(写真AC)
■「パレスチナ問題」の欺瞞性
昨日(7日)から2日間の日程で始まった主要7カ国(G7)外相会合で、ガザの情勢をめぐって、今日(8日)発表される「成果文書」には、「人道的な目的のための戦闘休止の必要性が盛り込まれる見通しだ」(朝日)という報道がありましたが、それが糞の役にも立たないお題目であるのは誰の目にもあきらかです。
国連人権高等弁務官事務所のニューヨーク所長を辞任したクレイグ・モカイバー氏が言うように、彼らは、調停国ではなく当事国なのです。イスラエルをバケモノにしたのは、ほかならぬ彼らなのです。
高橋和夫氏は、『パレスチナとイスラエル』(幻冬舎)で、「ヨーロッパ人は、パレスチナ人のつけでユダヤ人への借りを返した形である」と書いていましたが、まさに「パレスチナ問題」の欺瞞性を言い当てているように思いました。ホントにホロコーストの責任を感じているのなら、ドイツは自分たちの領土にイスラエルをつくらせればいいんだ、と言った人がいましたが、言い得て妙だと思いました。
そのドイツでは、パレスチナ支援のデモをすることさえ禁止しているのだそうで(実際には強行されていますが)、本末転倒した話になっているのでした。ユダヤ人差別の贖罪のためにパレスチナ人差別を利用する。ここにもまた、ウクライナ支援とは別の意味で、西欧民主主義の欺瞞性=二重基準が露呈されているように思います。

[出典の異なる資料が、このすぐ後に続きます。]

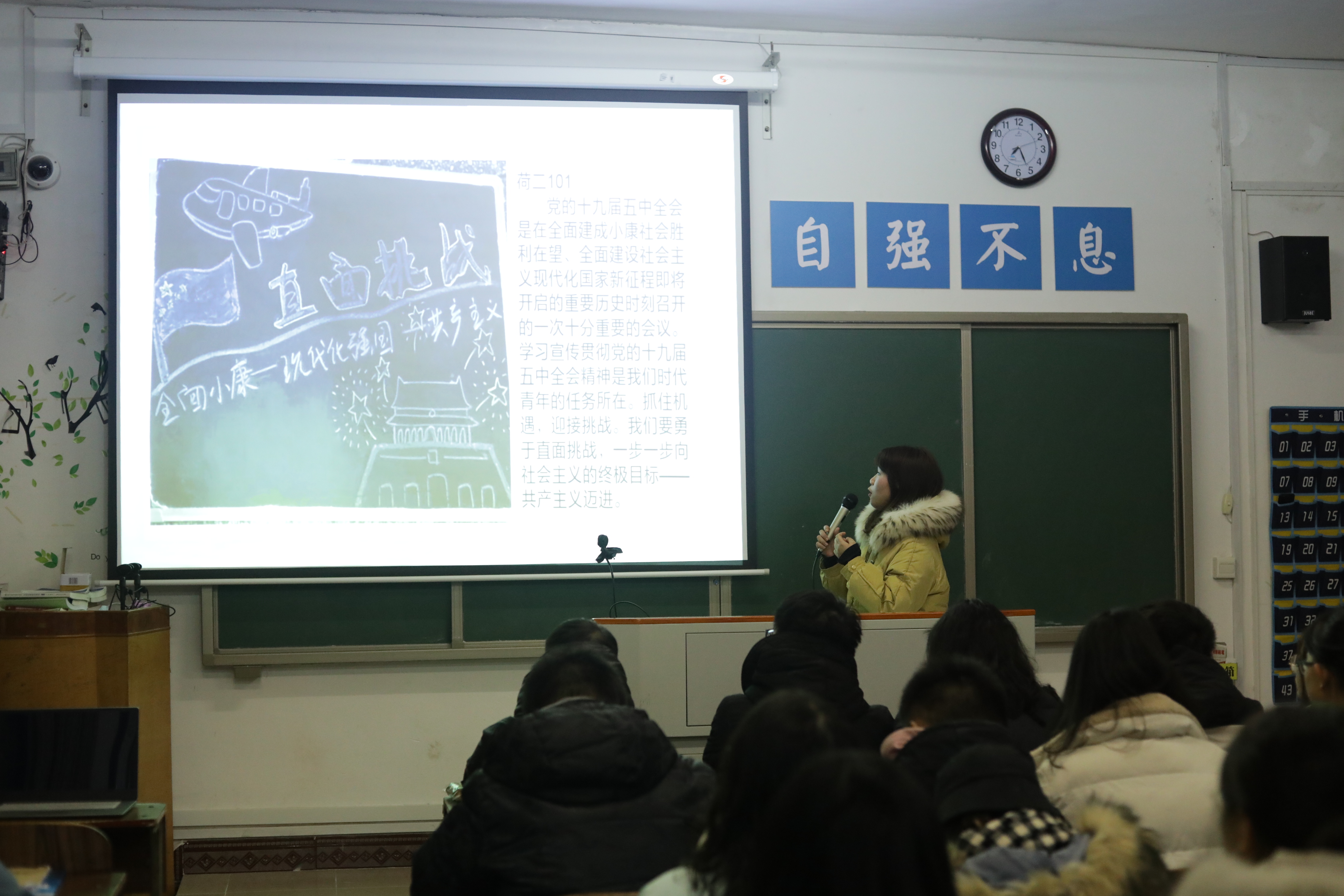 活动现场,各寝室代表从内容、板书、美工、排版、创新五个方面对作品设计理念进行了阐述,黑板报设计形式多样、内容丰富,每一幅作品都体现了各寝室对于十九届五中全会会议内容和精神的理解。
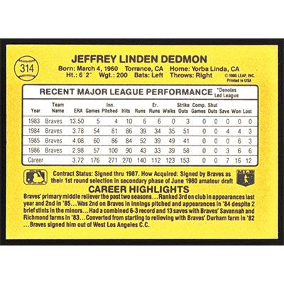 This is a 1987 Donruss Jeff Dedmon baseball card. The card is #314 and pictures show condition.
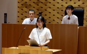 議場で学校生活や通学路について要望を述べる中学生=大和郡山市
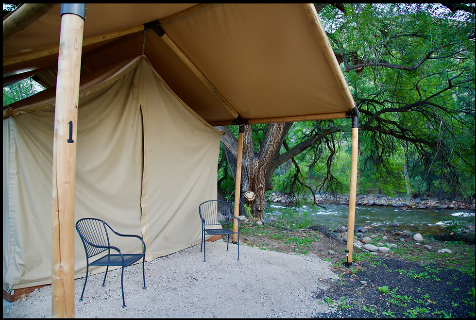 Settle into a private 12'x14' glamping tent nestled right along the banks of the Poudre River—your own riverside sanctuary. This thoughtfully furnished tent offers a grounded and cozy escape, complete with a plush queen-size bed and soft linens for deep rest after days spent in nature and practice.
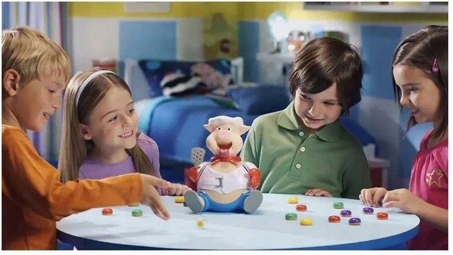 - Gra zręcznościowa Piggy Pop „Nie pękaj, Prosiaczku!” marki Goliath dla dzieci 4+. Karm prosiaczka hamburgerami, obserwuj jak rośnie mu brzuszek i sprawdź, komu pierwszy pęknie fartuszek – wesoła gra rodzinna dla 2–6 graczy, do 30 minut.

G7の外相が高い経費をかけて東京に集まるのは、それこそ税金の無駄使いでしょう。「人道」という空疎で便利な言葉を使って、ジェノサイドを傍観する自分たちを合理化しているだけです。ホントは悪党の一味なのに、そうやって善人ぶっているだけです。彼らの罪もまた大きいのです。
■右往左往するアメリカの醜態
イスラエルのジェノサイドに対してなす術もないアメリカの右往左往ぶりは、唯一の超大国の座から転落して中東での覇権も失ったアメリカの凋落ぶりを、これでもかと言わんばかりに示しているように思います。
ウクライナに続いてパレスチナでも難題を抱えたアメリカは、まるで底なし沼に落ちて恥も外聞もなくもがいているように見えます。イスラエルを支援するバイデン政権に国内外から批判が浴びせられていることからもわかるように、アメリカは既に方向感覚を失い、にっちもさっちもいかない状態に陥っているのです。
これで、バイデンが来年の大統領選挙でトランプに負けるのは確定したようなものでしょう。そして、トランプが政権に復帰すれば、アメリカの”狂気”が再び(そして、さらにバージョンアップして)くり返されるでしょう。そうやって「アメリカの時代」は終わりを告げるのです。言うなれば、トドメを刺されるのです。
アフガン撤退で、アメリカが唯一の超大国の座から転落したことが印象付けられたのですが、それからの転落するスピードの速さには驚くばかりです。ウクライナやガザが、まるで仕掛けられた罠のように見えるほどです。
■多極化した世界の風景
私は、2008年のリーマンショックのときから「世界は間違いなく多極化する」と言い続けてきましたが、今、まさに私たちが見ているのは多極化した(しつつある)世界の風景なのです。
アメリカは、イスラエル建国以来、1580億ドル(約23兆円)を供与して、イスラエルが核を保有する軍事大国になるのを支えたのですが、そのイスラエルは、バイデンのヨボヨボに象徴されるように、老体になり力を失くしたアメリカの言うことを聞かなくなり、文字通り手の付けられない怪物になってしまったのです。しかし、そのツケを払うのはアメリカだけではありません。世界がツケを払わなければならないのです。